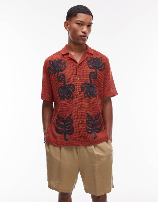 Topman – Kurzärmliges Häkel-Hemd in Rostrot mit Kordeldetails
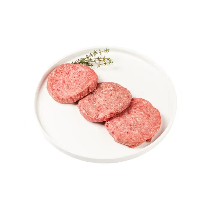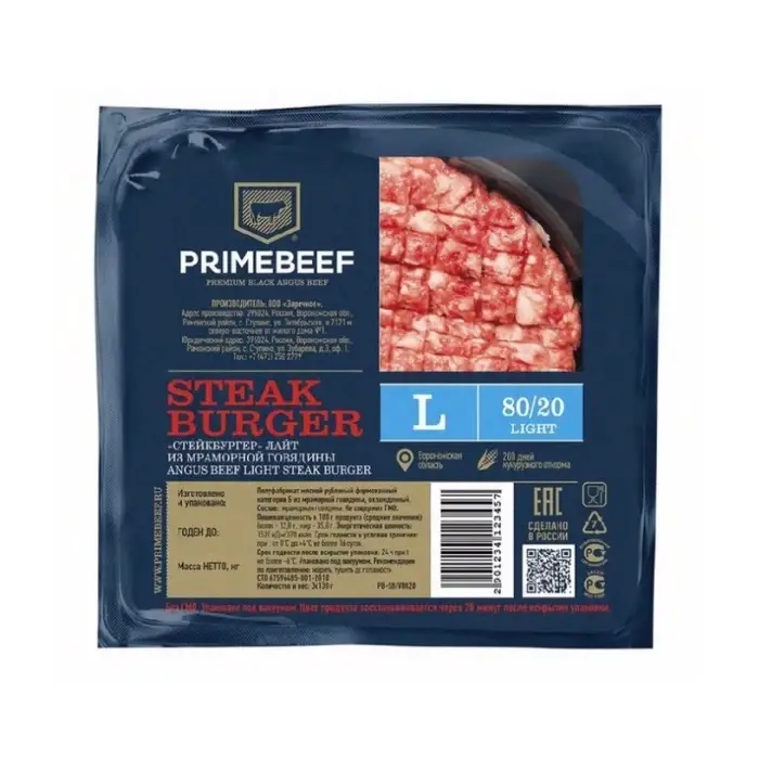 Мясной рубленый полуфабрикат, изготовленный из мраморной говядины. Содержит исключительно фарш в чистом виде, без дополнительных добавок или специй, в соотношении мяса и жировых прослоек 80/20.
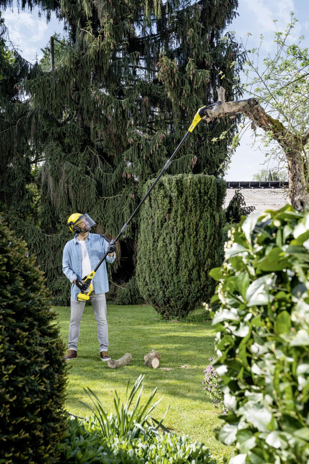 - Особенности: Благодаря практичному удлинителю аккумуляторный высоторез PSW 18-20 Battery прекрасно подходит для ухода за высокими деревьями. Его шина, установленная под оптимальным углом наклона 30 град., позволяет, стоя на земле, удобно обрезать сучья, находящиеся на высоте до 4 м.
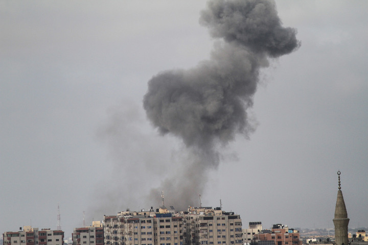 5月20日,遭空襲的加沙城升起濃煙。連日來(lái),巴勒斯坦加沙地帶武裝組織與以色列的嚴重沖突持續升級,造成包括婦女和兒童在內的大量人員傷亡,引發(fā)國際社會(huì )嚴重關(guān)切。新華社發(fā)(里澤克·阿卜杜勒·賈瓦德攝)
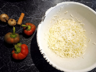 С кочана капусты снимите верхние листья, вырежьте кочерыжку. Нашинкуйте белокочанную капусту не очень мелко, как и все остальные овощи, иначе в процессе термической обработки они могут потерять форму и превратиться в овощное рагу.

# [TO DO]
Without the pictures, give back every record precisely as shown.

# [RESPONSE AREA]
 Topman – Kurzärmliges Häkel-Hemd in Rostrot mit Kordeldetails
 Мясной рубленый полуфабрикат, изготовленный из мраморной говядины. Содержит исключительно фарш в чистом виде, без дополнительных добавок или специй, в соотношении мяса и жировых прослоек 80/20.
 - Особенности: Благодаря практичному удлинителю аккумуляторный высоторез PSW 18-20 Battery прекрасно подходит для ухода за высокими деревьями. Его шина, установленная под оптимальным углом наклона 30 град., позволяет, стоя на земле, удобно обрезать сучья, находящиеся на высоте до 4 м.
 5月20日,遭空襲的加沙城升起濃煙。連日來(lái),巴勒斯坦加沙地帶武裝組織與以色列的嚴重沖突持續升級,造成包括婦女和兒童在內的大量人員傷亡,引發(fā)國際社會(huì )嚴重關(guān)切。新華社發(fā)(里澤克·阿卜杜勒·賈瓦德攝)
 С кочана капусты снимите верхние листья, вырежьте кочерыжку. Нашинкуйте белокочанную капусту не очень мелко, как и все остальные овощи, иначе в процессе термической обработки они могут потерять форму и превратиться в овощное рагу.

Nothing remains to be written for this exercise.